The wiki is pretty weak considering the information around bad groups :/ Many players seem to struggle with it.
While the introduction puzzles are a nice way to learn a few basics it's not enough.

rosie4loop Lv 1

@Floddi According to the posts by devs (https://fold.it/forum/posts/76093), bad groups usually include e.g. PAINS patterns and something additional, which may differ according to the setup or aims of different puzzles.

I have post some links to serveral bioinformatic tools in my profile that detect commonly flagged patterns (also in the comments of the same discussion under the dev's reply)

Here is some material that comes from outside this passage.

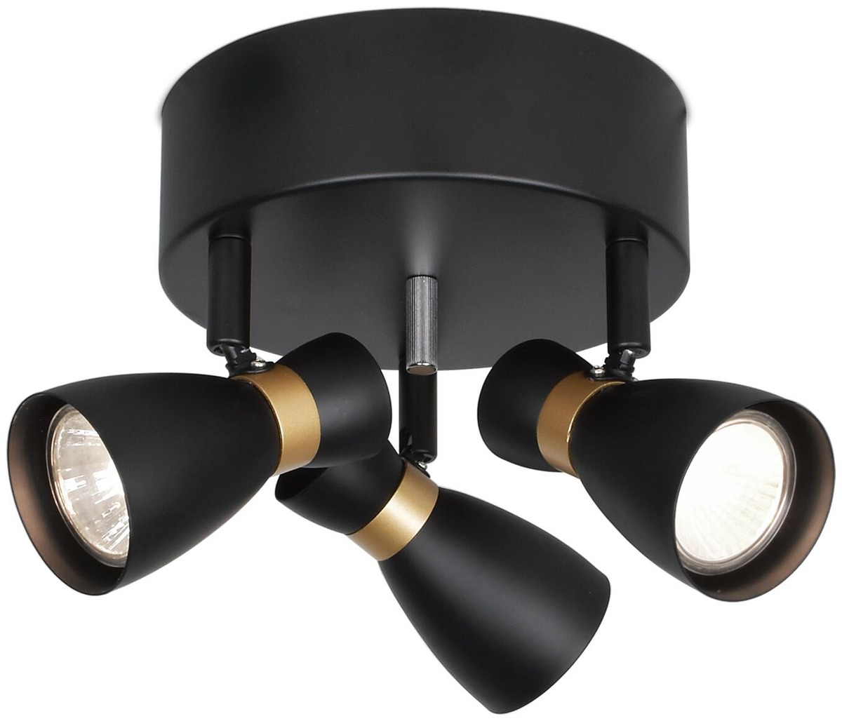 Kattovalaisin;Metallia;Mattamusta ja kulta;Kokonaishalkaisija n. 20 cm;Kupujen halkaisija 8 cm;Katosta n. 18 cm;3xGU10 Max. 10W;Helppo asennus koukkuun;Valaisinpistotulppa sisältyy

(unfortunately I had to take the jupyter notebook that demonstrates SMART detection offline for several reasons)

Floddi Lv 1

@rosie4loop Thx for the info that bad groups depend on the puzzles! Also sad that they aren't sharing any information which group is considered as bad. It might be useful to reference those PAINS patterns on the wiki. There are also chemically unsustainable groups or reactive groups which will impact the score negatively. I think those are also part of the preferred "bad group"-list.

SwissADME also looks like a good database for the developement of new structures. Thanks!

Elfi Lv 1

@Floddi, thanks for explaining why it may sometimes pay to use the full view over the binding side view. I'll look at it once in a while.

@rosie4loop, thx also for your posts on electron density, bad groups and ligand design.

You have both given me a lot to think about and study. :)

By the way, one thing I have wondered about but haven't found explanations about yet, is the starting ligand in each new medicine design round. Where does it come from? Is it the winner from the last round? I hadn't considering deleting and start my own before Floddi mentioning deleting part of it. I have rather been modifying it.